I've just read thru this blog on size of bales and lied the fact that most of you still have morals and values and when you say a bale is 4x5 it is................and then there are those of you who wish to cheat his fellow man by making them smaller......... I don't like liars and cheats.........we all know prices are high......but give us what we pay for!! everyone knows that buying by the ton is the only way to keep a man honest.........but sometimes we have to take their word..........is your word good? This tells the kinda person one really is.


----------



## Texasmark

remedy said:


> I've just read thru this blog on size of bales and lied the fact that most of you still have morals and values and when you say a bale is 4x5 it is................and then there are those of you who wish to cheat his fellow man by making them smaller......... I don't like liars and cheats.........we all know prices are high......but give us what we pay for!! everyone knows that buying by the ton is the only way to keep a man honest.........but sometimes we have to take their word..........is your word good?
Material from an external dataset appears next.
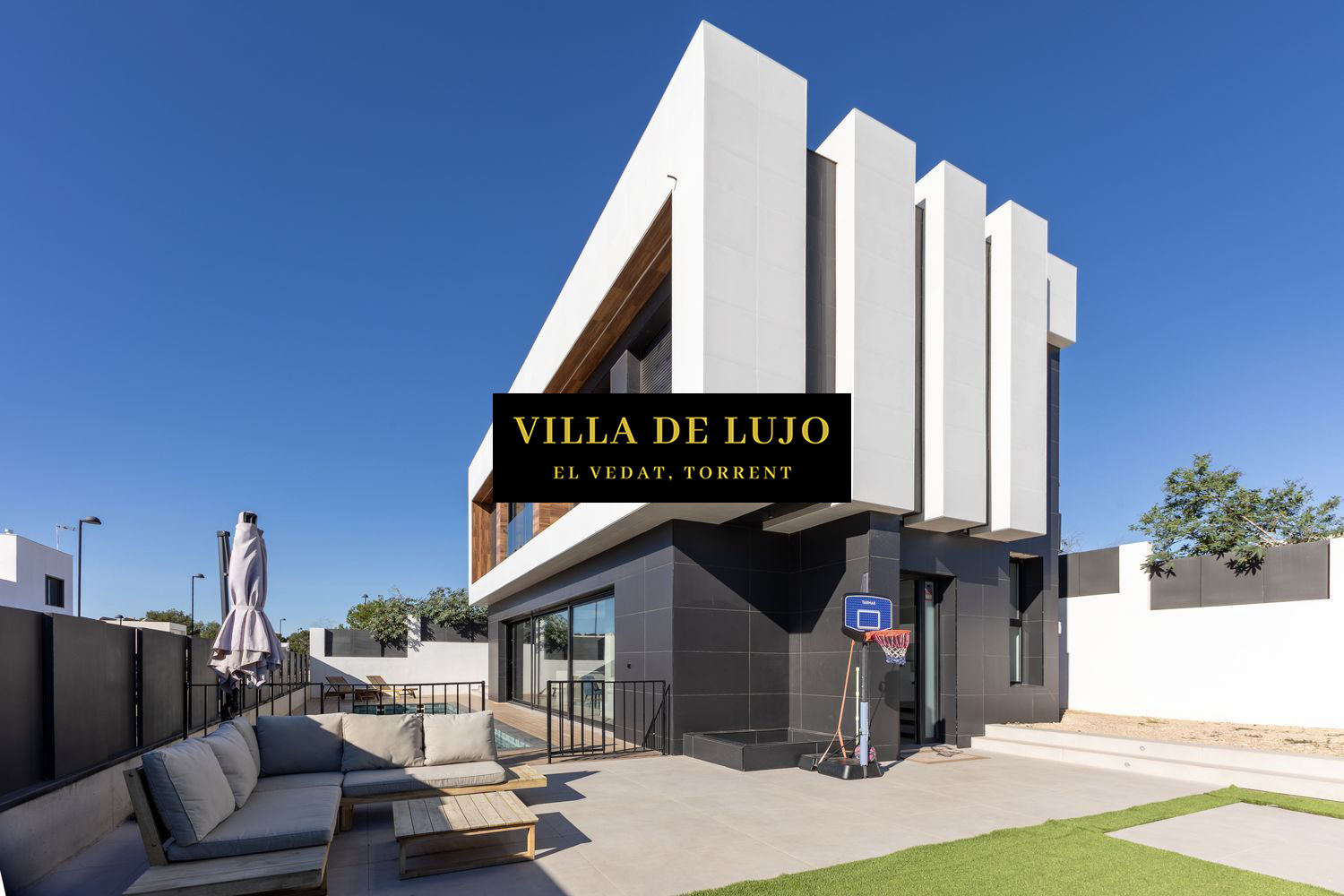 Le mostramos este chalet independiente de líneas contemporáneas y calidades premium, ubicado en la exclusiva zona de El Vedat, urbanización Santa Apolonia en Torrent, Valencia.

This tells the kinda person one really is.


Yeah but there are some, the local whiners, that say "well I gotta make a living". Then there are dealings with the unknowing consumer that just saw a bale of hay and paid x for it not knowing what he was getting and how much of what he was getting. Some of the stuff that gets baled around here is pure crap; no fertilization, full of weeds, well over maturity, "but I gotta make a living" when challenged. And then there are two prices. One for the horse folks in town and one for the locals. Realizing that time and trucking are involved in the ones going to town, but 3x the price....but that's none of my business; I live in the country.

My 2c,

Mark


----------



## remedy

I understand what you are saying, and I am very much aware of the kind of people that are selling garbage as a viable product..........it is sad that so many people are doing this...... and even if you live in the country it is your business.........it is all our business.........what is America coming too!!!!!

MY 2c, Bret


----------



## shortrow

remedy......what is the remedy then?? I bale and sell honest. You tell me.......


----------



## Nitram

Well the solution is in Ag or any other business is that the buyer beware, know what you are buying and if you run into a poor product you speak with your dollars. The dishonest don't last long in any free market. If this doesn't satisfy your anger towards the perp you can use your contacts to get the word out. As for bale size and quality a visual inspection can usually tell you what your getting. I sell and when I buy it is by the ton.


----------



## Hand&Hand Farms

I got the 5410 making 59 to 60 consistent now. I want the customer to get what they pay for. It was a simple process just new to us. Never realized just how nice net wrap could be, 8 to 10 seconds to wrap, just amazing. I agree more money to made it square bales but don't have enough time to do all square or the customer base.


----------



## rjmoses

I make my round bales at 56", 60" and 66" by 5' depending on hay quality and expected sales. I weigh a sample of 7 bales to get an average weight. Then I sell "by the ton" or "by the bale" where it works out to be the same dollars for tons or bales.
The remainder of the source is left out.